Chapter Forty-Nine: Naomi
Medina’s system logs were huge, larger than anything Naomi had expected. And, what was worse, not very well organized. It was an artifact of history in a way. The physical design had been intended for a generation ship cruising through the still-unknown ocean of interstellar space, but the logic systems came from Fred Johnson’s military refit, which had then been repurposed when the ship went from battleship to permanent city in space. The old security systems hadn’t all been cracked when the Free Navy took over, so there were partial records here and there, scattered by a variety of engineers trying to force their will on an already complex system.
Like cities back on Earth where era had built on era had built on the era before, the systems of Medina were shaped by long-forgotten forces. The thinking behind each decision was lost now in a tangle of database hierarchies and complex reference structures. Finding something interesting was easy. It was all interesting on some level. Finding some particular piece of information—and knowing whether it was the most recent or complete version of the data—was very, very difficult.
She used her office in the security station like it was a medieval monk’s cell, only leaving it to go back to the Rocinante to sleep, then coming back to it when she woke. Instead of copying ancient texts with pen and ink, she spelunked the datasets, poked through file systems, asked Medina to find things, and then watched to see where it didn’t search. Anything that seemed like it might be useful she copied or stripped out and then sent back. Work report logs from the days under the Free Navy’s control, sent back to Earth and Mars. Landing papers outlining the supply flow in from and back out to Laconia. Accident reports from the medical systems. Traffic control comm logs from the ships that had come and gone. Anything might be useful, so she took everything and sent it back at the speed of light to Earth and Luna and Mars and Ceres.
It kept the fear at bay.

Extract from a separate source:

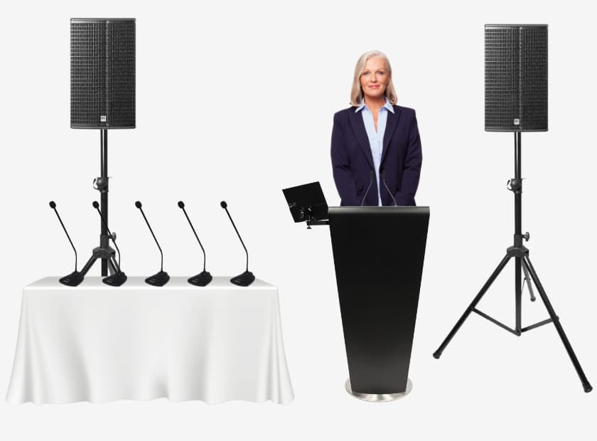 Add a touch of clarity and liveliness to your event with this package that provides all the essentials, for quality – lectern microphones, powered speakers, mixing desk, table microphones, smart lectern for premium audio performance, in any environment.

Not perfectly, but nothing short of death was going to end fear perfectly. No matter how she distracted herself, there was a timer ticking down in the back of her mind. The days and hours until Marco and his ships arrived. There were other problems, other risks—the Free Navy loyalists still on the station, the strobing do-not-approach signal that was the only thing coming out of the Laconia gate—but none of them would matter once Marco arrived. All of it pushed her to get her work done quickly, efficiently. When the next thing came—and she didn’t look what that would be straight in its eyes—she wanted to know that she’d gotten her work done.
And still, sometimes she paused. She found a personal journal tucked among the environmental reports like printed pornography tucked under a mattress. Entry after entry of a young man’s private struggles with his longings and ambitions and feelings of betrayal. Another time, she was trying to recover what she could from a half-erased partition and came up with a short video of a girl—four years old at most—leaping off a bed somewhere on the station, landing on a pile of pillows, and dissolving into laughter. Reviewing the traffic-control logs, she listened to the voices of desperate men and women from the systems on the far sides of the ring gates demand and beg and plead for the supplies they felt they deserved, wanted, and sometimes needed to survive.
It was the first time she’d really understood the scale of the destruction Marco had brought. All the lives he’d traumatized and ended, all the plans he’d shattered. Most of the time, it was too big to wrap her mind around, but little glimpses like this made it all comprehensible. Terrible and sad and enraging, but comprehensible.
And it informed some of her decisions.
“Um,” Jim said, sloping in through the door of his office. “So, sweetie? Did you mean to have the data feeds go out through all the rings? Because I’m noticing that you’ve started sending everything to everyone.”